Haskell a better way a replacing a character in a string

Question

I made this function

replace :: Char -> Char -> [Char] -> [Char]
replace _ _ [] = []
replace a b (c:r)
    | a == c = b : replace a b r
    | otherwise = c : replace a b r

and was looking for a better way to write it when i found this :

replace :: Char -> Char -> [Char] -> [Char]
replace a b  = map $ \c -> if c == a then b else c

There not even the third argument written, and i don't understand the $ and the \c symbols, but it work and I want to know what is happening here

Answer 1

The $ operator applies a function to an argument. We can rewrite your example as

replace :: Char -> Char -> [Char] -> [Char]
replace a b  = map (\c -> if c == a then b else c)

Pragmatically, Haskellers often use $ to avoid parentheses. It's rarely used for other reasons.

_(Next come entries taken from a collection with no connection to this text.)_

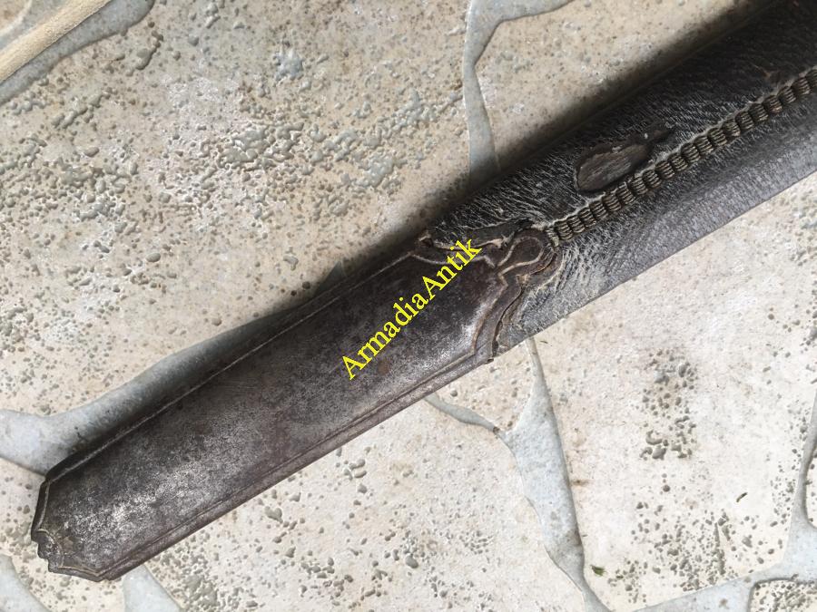 Török tiszti szablya 19. sz d. közepe. Török félhold, csillag, klasszikus, drótvarrásos, bőrözött fa tok, extra profilú, “lépcsős” hátú fokéles penge.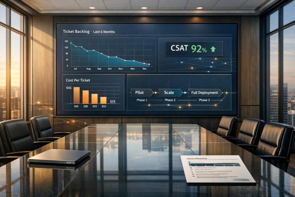 - Align with executive priorities: Focus on hard savings (e.g., reduced costs per ticket) and capacity gains (e.g., handling more tickets without additional hires).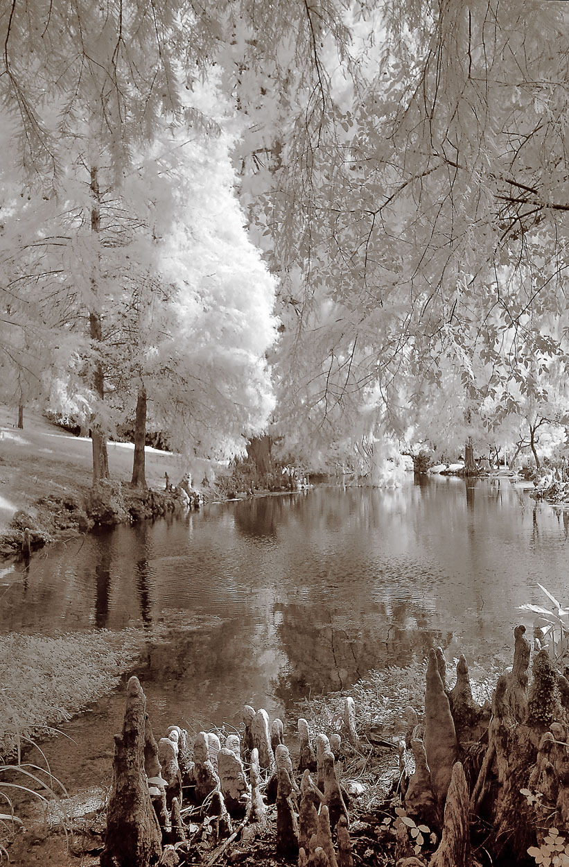 Un infrarosso che ci fa immergere in un mondo di favola, dai toni delicati . Molto piacevole anche la presenza ben leggibile del riflesso degli alberi nell'acqua increspata.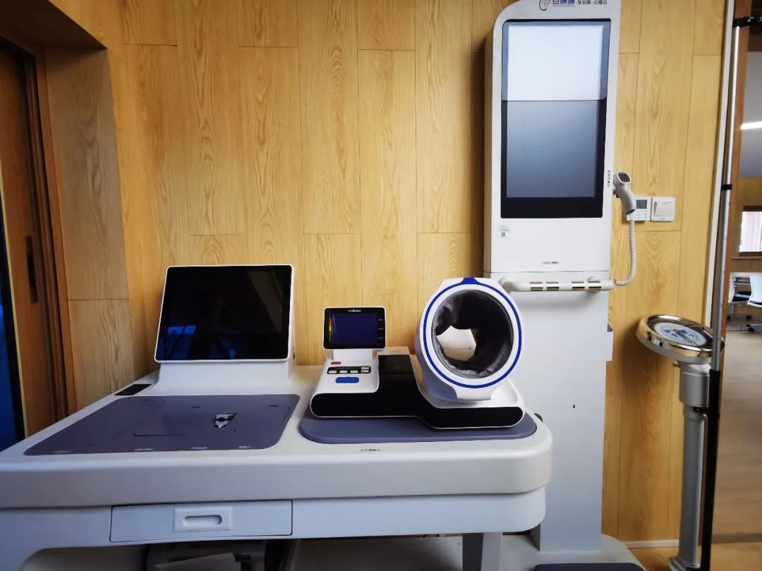 “华院故事”墙旁边的一间小屋是健康颐养区,这里空间虽小,但是布局温馨,一侧是观赏庭院玻璃窗,并设有休憩沙发。考虑到华院居民区居民老龄化程度高,健康咨询服务需求较多,室内设有健康自我观测一体机,并安排社区医生定期开展健康咨询指导。

About the \c -> ...: this is an anonymous function, also called a "lambda". It stands for the function taking c as argument and returning the ... part. In your case, the function takes c and checks if it's equal to a, in which case it returns b, otherwise it returns c. We could rewrite the code without the lambda as follows:

replace :: Char -> Char -> [Char] -> [Char]
replace a b  = map myFun
   where
   myFun :: Char -> Char
   myFun = \c -> if c == a then b else c

or, moving the argument c to the left of =, as follows:

replace :: Char -> Char -> [Char] -> [Char]
replace a b  = map myFun
   where
   myFun :: Char -> Char
   myFun c = if c == a then b else c

About the "missing third argument": the type Char -> Char -> [Char] -> [Char] can be read in multiple ways:

• the type of functions taking one argument (Char) and returning a function (Char -> [Char] -> [Char])
• the type of functions taking two arguments (Char and Char) and returning a function ([Char] -> [Char])
• the type of functions taking three arguments (Char, Char, and [Char]) and returning a list ([Char])

All these three interpretations are compatible, thanks to currying. Indeed, the "two arguments" function

foo :: A -> B -> B
foo x y = y

and the function

foo :: A -> B -> B
foo x = id              -- id is the identity function B -> B

are the same.

In your example, if you want, you can add the missing argument to both sides of = as follows:

replace :: Char -> Char -> [Char] -> [Char]
replace a b xs = map myFun xs
   where
   myFun :: Char -> Char
   myFun c = if c == a then b else c

In this expanded code, you can see that map myFun xs uses map (library function) to apply myFun to all the elements of list xs, and return the list of all the results. This effectively achieves the substitution you want.

However, without adding the third argument,

replace :: Char -> Char -> [Char] -> [Char]
replace a b = map myFun
   where ...

we can still interpret map myFun as transforming the function myFun :: Char -> Char into a function [Char] -> [Char]. The latter is indeed the return type of replace if we interpret that as a "two arguments" function. That is, replace 'a' 'b' is the function [Char] -> [Char] which takes a string and replaces every 'a' in it with a 'b'.